Ce fut là, pour une raison n'appartenant qu'à lui, qu'il avait trouvé refuge, après la grande bataille d'Azanulbizar, soit en 2799, il y a 142 ans de cela. Il parvint à cette mine un soir de tempête, vêtements usés, joues creusées, cheveux et barbe hirsutes, boitillant tel un infirme, couvert de blessures tant dues à son combat récent qu'à la traversée nécessaire pour atteindre cette petite citée dont il avait entendu la légende. Il fut recueilli par la famille "royale" de l'endroit, sans même qu'aucun ne reconnaisse en lui le second hériter d'Erebor, le fils de Thrain. En outre, Frerin, frère cadet de Thorin et de Dis, n'avait à cet instant rien du prince qu'il était. Il mit longtemps, très longtemps avant de reprendre du poil de la bête, mais finit par se rétablir suffisamment pour descendre à la mine, sous le regard bienveillant des roitelets.
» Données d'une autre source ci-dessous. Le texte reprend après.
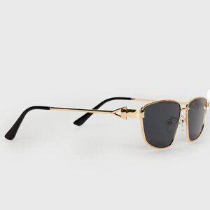 Gold Frame Rectangular Sunglasses • Black Lens Unisex Retro Style NEW WITH CASE.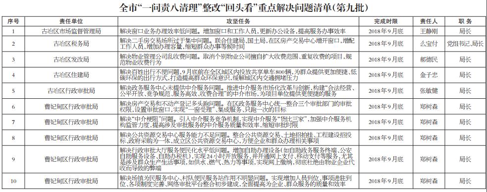 我市“一问责八清理”整改“回头看”重点解决问题清单公示

A force de persévérance, il parvint à se faire un nom dans l'étroit royaume. Personne n'avait connaissance de son véritable nom, de son rang, de son importance. Il ne devait sa renommée nouvelle qu'à son acharnement au travail et sa dextérité au combat. Il eut quelques fois des mercenaires, des vagabonds qui, ayant eut affaire à la famille royale d'Erebor, faisaient mine de le reconnaître mais les nains sont des êtres merveilleux en ce sens : ils ne sont jamais indiscrets que si ils ont un intérêt à l'être. Et, fort heureusement pour lui, ce n'était pas le cad. Ici personne ne se souciait de qui il était et, son peuple ne semblant pas le chercher, ils durent se dire qu'il était en visite de plein gré. Il passa ainsi les 142 dernières années paisiblement. Il s'établit dans un mariage de convenance avec l'héritière du couple royal, eut un fils et travailla d'arrache-pied à la maintenance de la petite mine. Il fut couronné du modeste titre de roi à son tour, son épouse étant l'unique héritière du trône et lui, le seul nain jugé suffisamment noble et préoccupé du devenir de la citée. Toutefois, une dizaine d'année seulement après cela, sa compagne céda à la maladie, le laissant seul à la tête du petit royaume. Ils vécurent alors d'autres années paisibles, son fils et lui, jusqu'à entendre ce murmure, celui des corbeaux.

La Montagne Solitaire, sa maison, ne quitta jamais ses pensées et ce malgré le siècle écoulé. Elle fut le théâtre de ses jours les plus heureux, d'une vie d'aisance, de pléthore, d'opulence. Il eut vent, bien entendu, de la condition de son frère, seigneur exilé, de la façon dont il assura la prospérité de son peuple au sein des Montagnes Bleues. Fait qui, du reste, l'emplit d'une fierté malséante : il n'avait juré toute son enfance que par son frère, persuadé, à raison, qu'il serait un grand roi et guerrier. Et lorsque, enfin, la rumeur de sa victoire sur la calamité Smaug ainsi que sur les hordes d'Orques lui vint, les sentiments qui l'animaient autrefois, et qu'il avait étouffés, désireux de les voir mourir sous les cendres de son ancienne vie, le submergèrent à nouveau, plus ardents que jamais. L'espérance enfla son cœur : ne serait-ce pas là la chance d'un nouveau départ ? Ne pourrait-il pas plaider sa cause auprès de son si cher frère ?

Le nain expatrié, son fils sous le bras et en qualité de petit monarque de la mine indépendante, prit alors la route d'Erebor, grand royaume nain, dans le but officiel de tisser des liens pour l'expansion de celle-ci, et dans celui, plus officieux, de recouvrer une place qui fut la sienne au sein d'un royaume et d'un cœur qui le repoussèrent naguère.